***** DATA PROVIDED *****

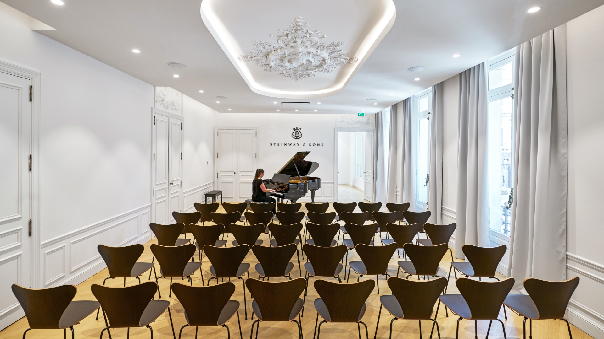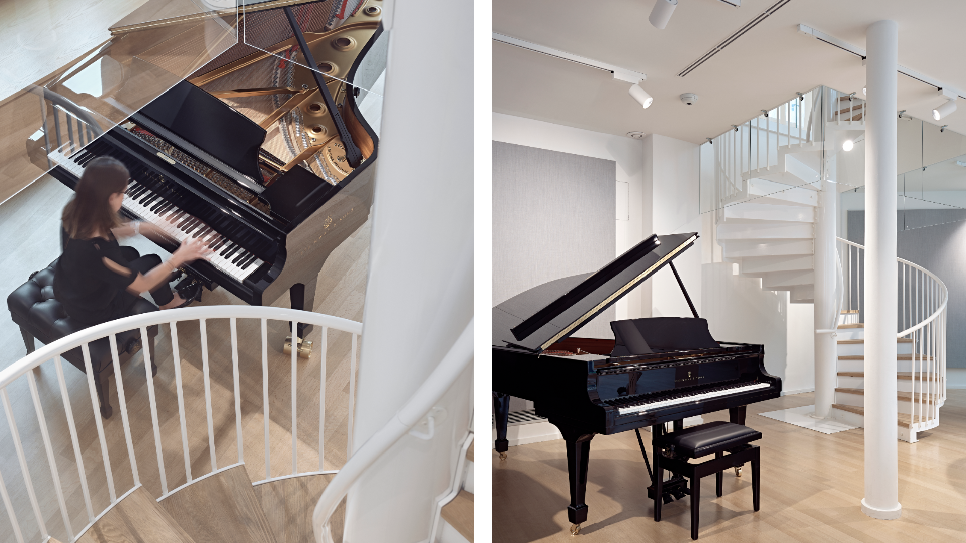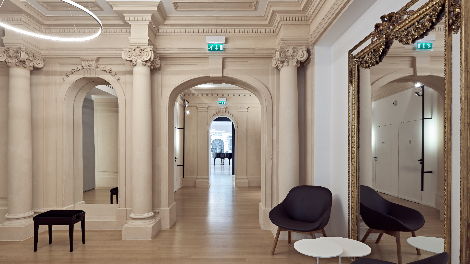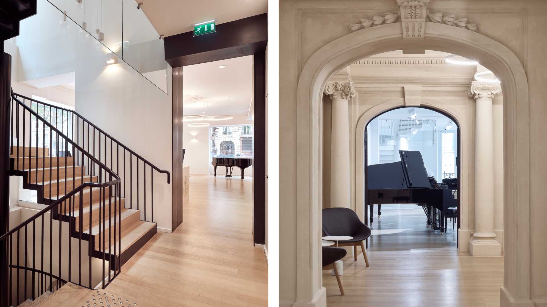 Iconic piano manufacturer Steinway & Sons desired to renovate a stunning 19th Century building for use as its first showroom in Europe for 140 years. The refurbishment needed to respect the heritage of the building and its Boulevard St Germain location while providing modern space with the specific environmental conditions from which to showcase its world-class instruments. In addition to the showroom, the client requested rehearsal spaces for visiting artists and music academy students and a 50-seat recital hall. Reid Brewin Architects combined the latest technical features with bespoke LED lighting arrangements, spiral staircases and glazed balustrades to create a bright, convivial setting where musicians and the public can come together to celebrate music, culture and wonderful design. Copyright © Photographs Jérôme EpaillardProject
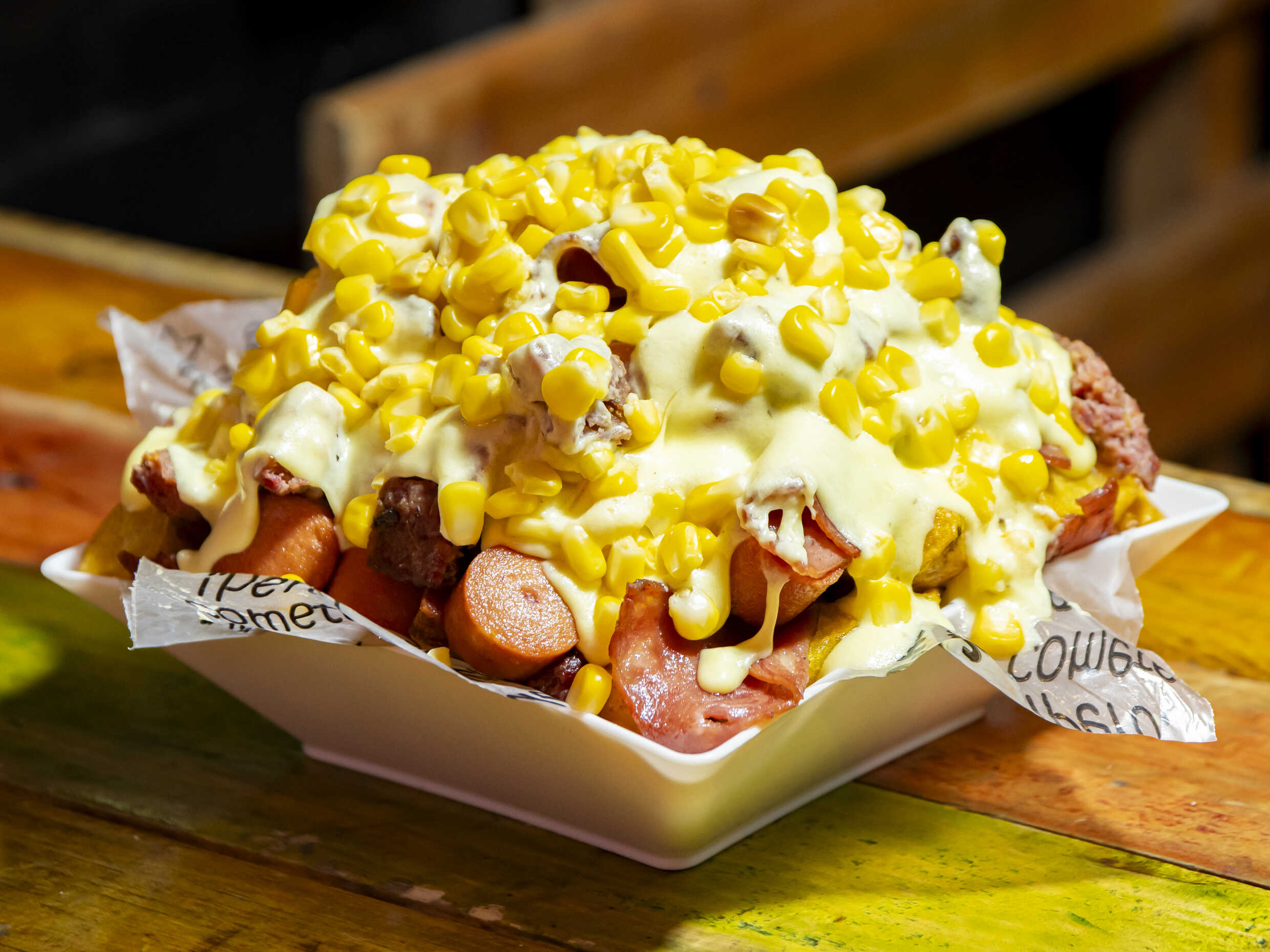 Papa amarilla, salchicha ranchera, tocineta, maíz tierno, queso gratinado, salsa de tomate, salsa rosada, salsa piña y salsa showy.
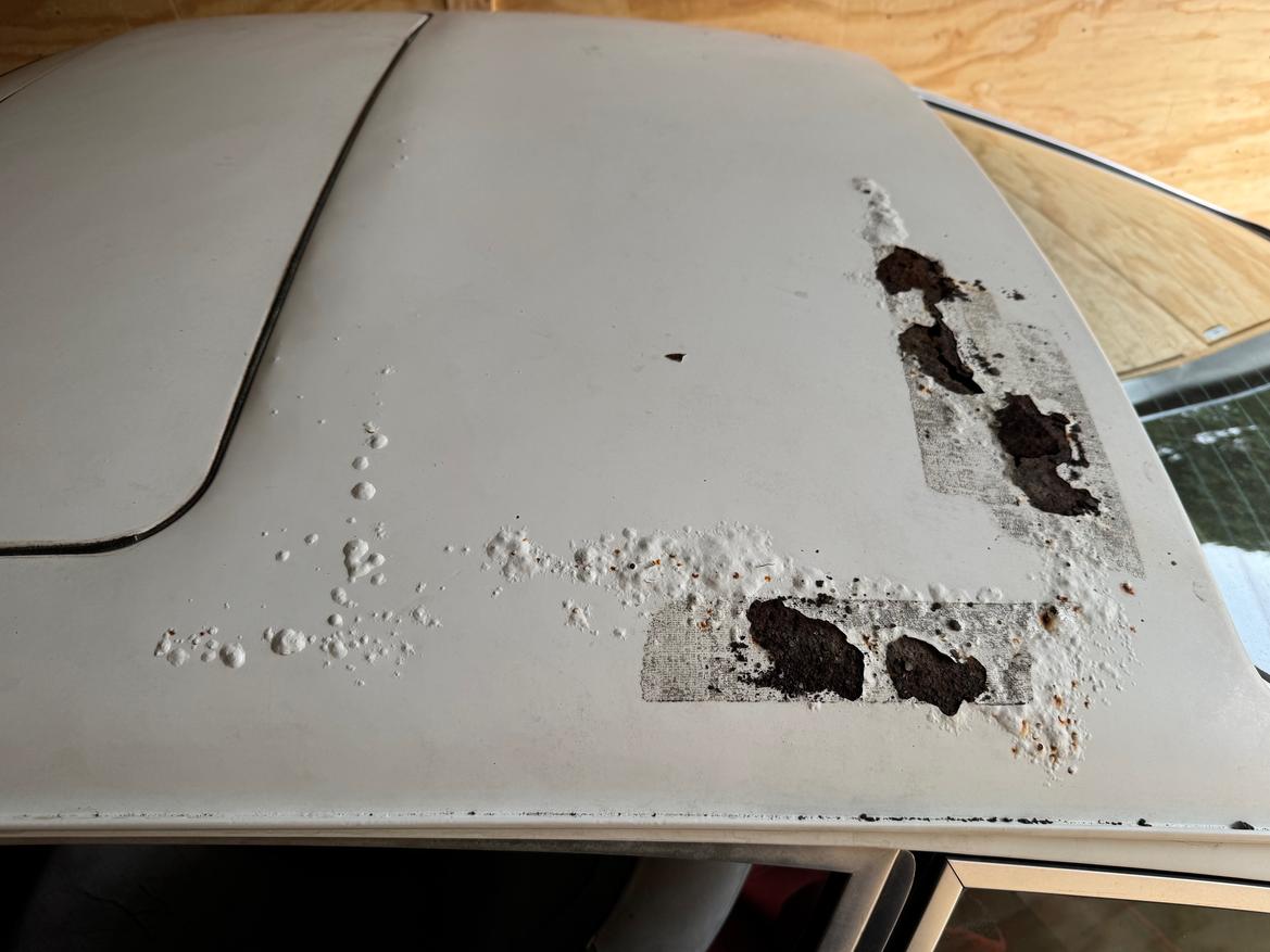Cleaned up and on the lift. These cars are galvanized from the factory, so fortunately rust is limited to two spots, but both will take some work. Front suspension pan had dirt blown up against it, so it rusted through up front, so I'll replace the entire pan. The roof panel was another story, it apparently had been rusting from the inside out, so all around the sunroof reinforcements welded to the outer skin, yet the pilars and windows front and rear are solid. Everyone has told me the sunroofs are a pain and not worth keeping, so picked this up on FBM and will use it to make it a slicktop.
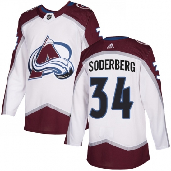 Men's Adidas Colorado Avalanche #34 Carl Soderberg White Road Authentic Stitched NHL Jersey
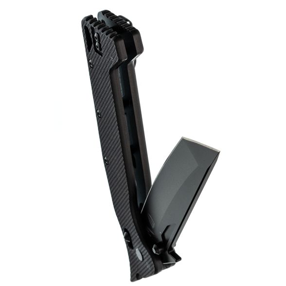 Рукоять ножа выполнена с выраженной изогнутой формой и крупной пятерневой выемкой, что обеспечивает удобный и контролируемый хват. Крупный упор защищает руку при нагрузках, а осевой узел на толстых бронзовых шайбах легко справляется с боковыми нагрузками и устойчив к загрязнениям. Ось под плоский шлиц позволяет быстро отрегулировать нож без специнструмента. За безопасность отвечает Crossbar-Lock - аналог Axis-Lock, но с толстыми пружинами и регулировкой усилия. В конструкции предусмотрена переставляемая клипса, темлячное отверстие и все детали для простой адаптации под пользователя.
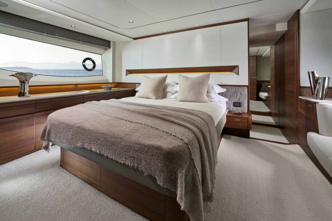 The all-new V65 sets a new standard. Powerful and progressive, she represents the exciting future of the Princess V Class range. When entertaining, her spacious cockpit inspires relaxation with a sunpad and well equipped dining area leading to the fully equipped aft galley. This flexible deck saloon model can be climate controlled or opened to the elements via triple sliding aft doors and a retractable sunroof. Below deck, eight guests enjoy four beautifully appointed cabins all bathed in natural light from elegant hull glazing, with the option of a further single cabin aft for occasional guests or crew.
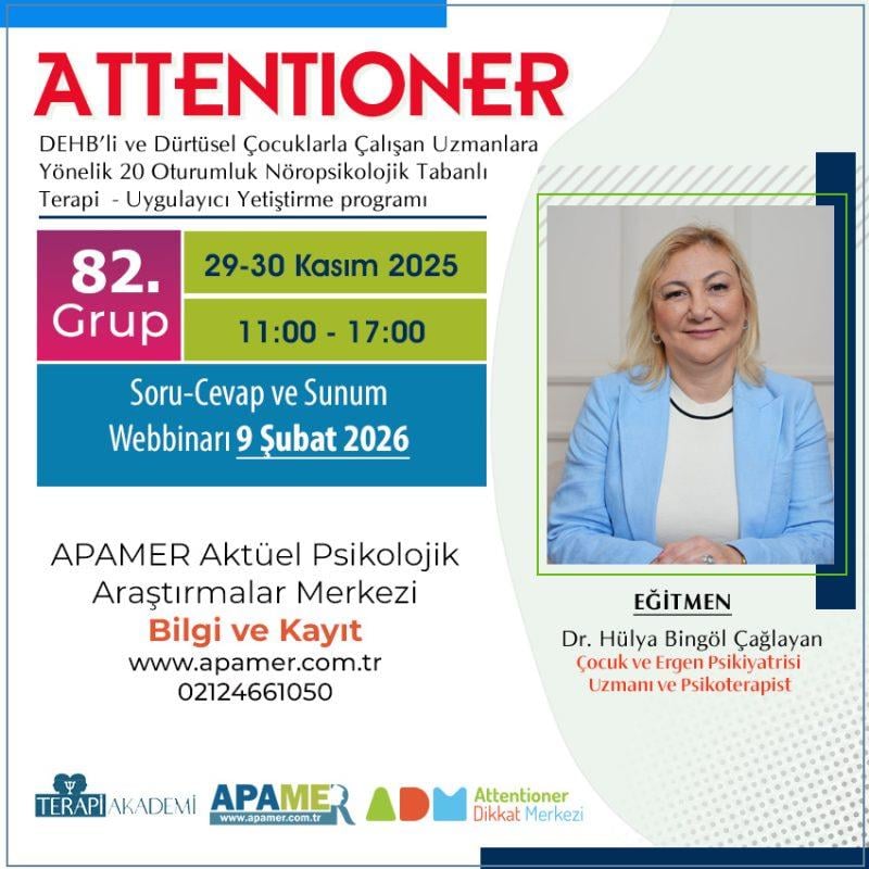 APAMER Aktüel Psikolojik Araştırmalar ve Eğitim Merkezi ve TerapiAkademi işbirliği ile organize edilen Çocuk Psikiyatrisi Uzmanı Dr. Hülya Bingöl Çağlayan tarafından verilecek olan ATTENTIONER - Dikkatimi Topluyorum 20 Oturumluk Yapılandırılmış Uygulayıcı Eğitimi 80.Grup Eğitimi 29-30 Kasım 2025 saat: 11:00-17:00 ve 19 Şubat 2026 19:30 – 22:00 tarihlerinde Zoom Pro platformundan online olarak yapılacaktır.
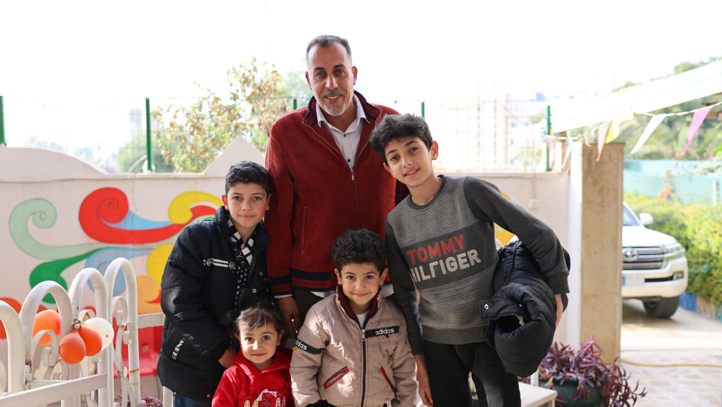 ئەبو فەیسەڵ و کوڕە گەورەکەی لە سەنتەری کۆمەڵگەیی. © کۆمسیاری پەنابەران/ حەمزە ئەلمومانی
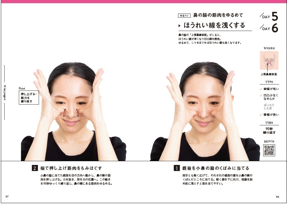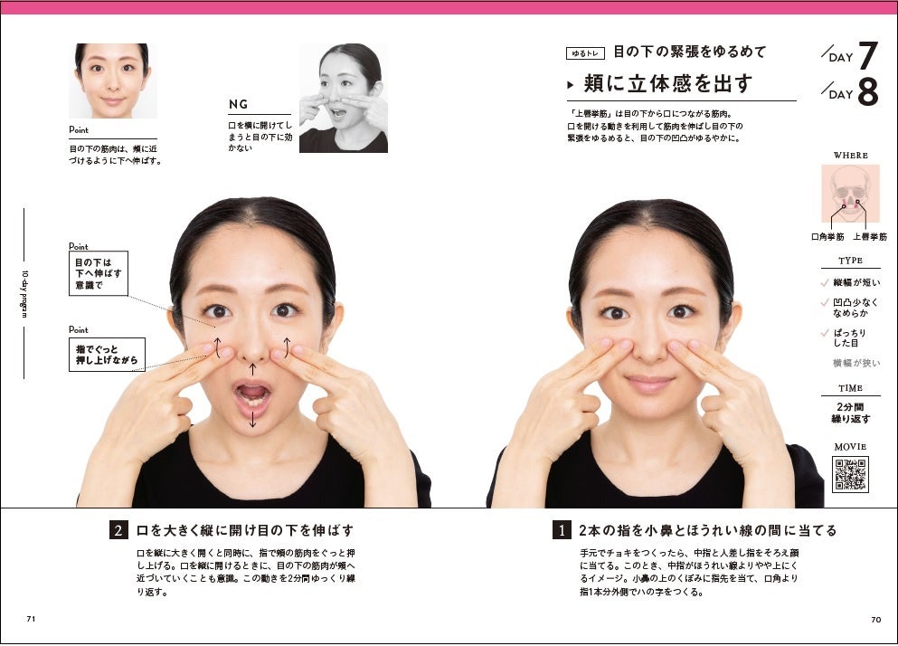 次に1日3分の「10日間プログラム」は、1日ごとに、こりやすく衰えやすい筋肉を「ゆるめる」+「育てる」の2つのメソッドがセットになっていて、10日後には、ほうれい線や口角の下がり、まぶたのたるみ、頬や目の下のくぼみなどの老け見え要因が改善します
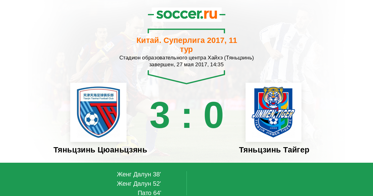 64' (3:0) Пато (10) (Чжао Хури (7))
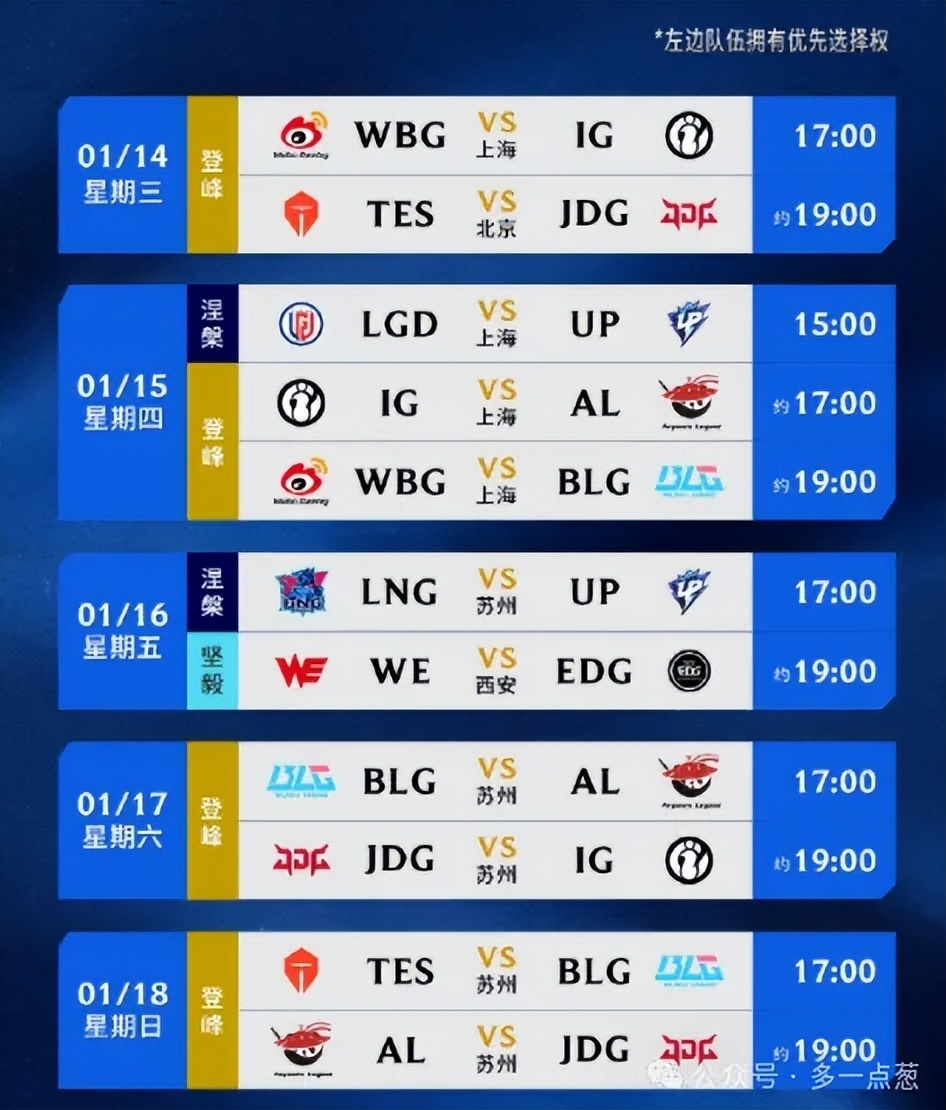 综合来看,这次赛制设计可以说是相当合理,给弱队晋级机会,同时提高上游队伍的竞技强度,为全球先锋赛做好准备,同时也提高了观赛质量。揭幕战将在1月14号正式打响,将由WBG和IG开打。值得注意的是,IG是拿到了德杯的冠军,现在他们的状态如日中天,IG是有很大的机会拿下揭幕战的首场比赛。
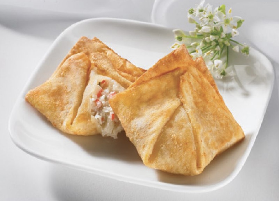 3 crab Rangoons, wonton filled with cream cheese and imitation crab, deep fried to perfection
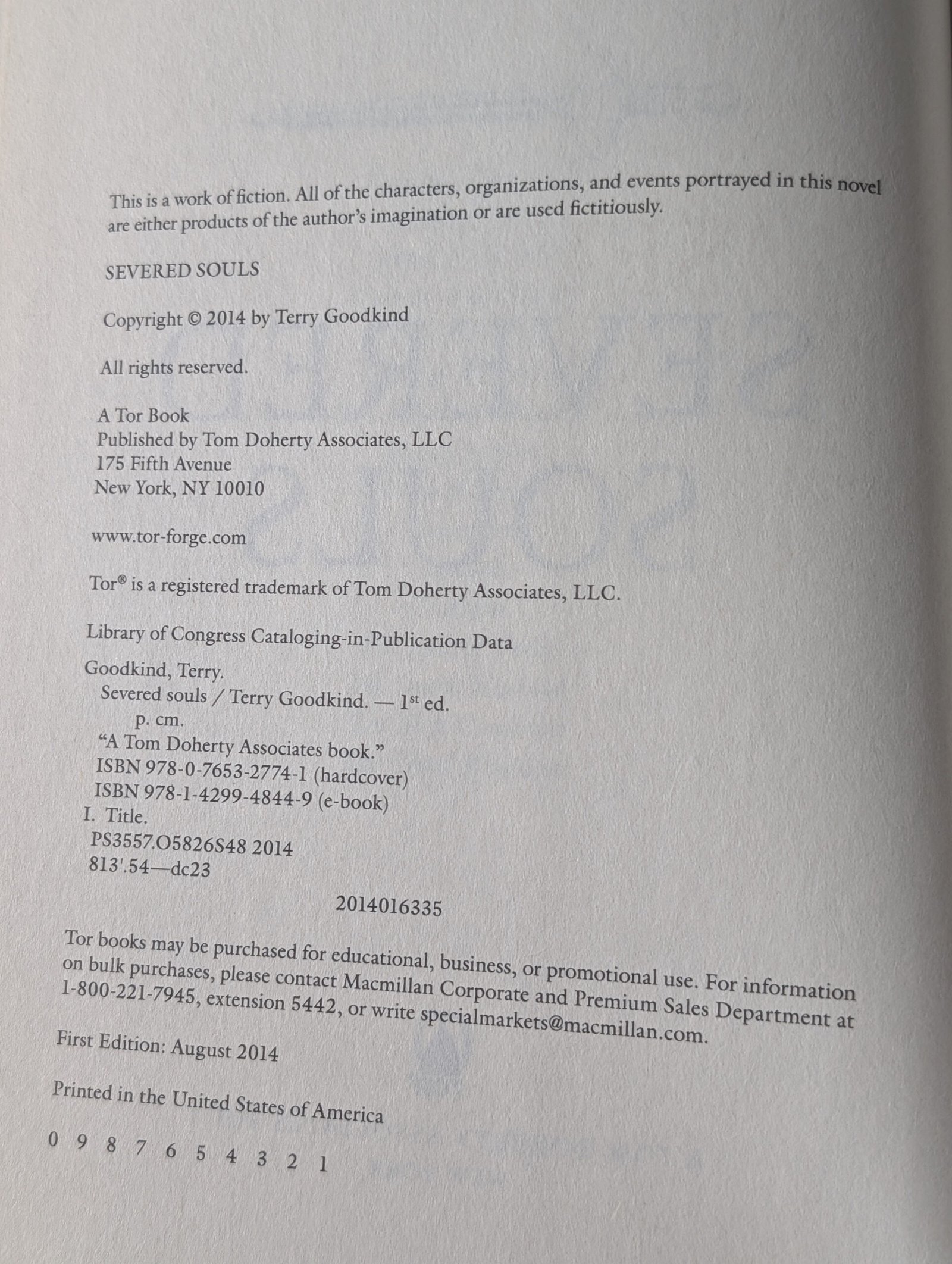 From Terry Goodkind, author of the Sword of Truth series, comes Severed Souls, a New York Times best selling novel of Richard Rahl, Kahlan Amnell, and their world.

*****

Every line from the one containing "3 crab Rangoons, wonton" through the last line of the data is to be retyped exactly, with nothing added and no pictures included.

 3 crab Rangoons, wonton filled with cream cheese and imitation crab, deep fried to perfection
 From Terry Goodkind, author of the Sword of Truth series, comes Severed Souls, a New York Times best selling novel of Richard Rahl, Kahlan Amnell, and their world.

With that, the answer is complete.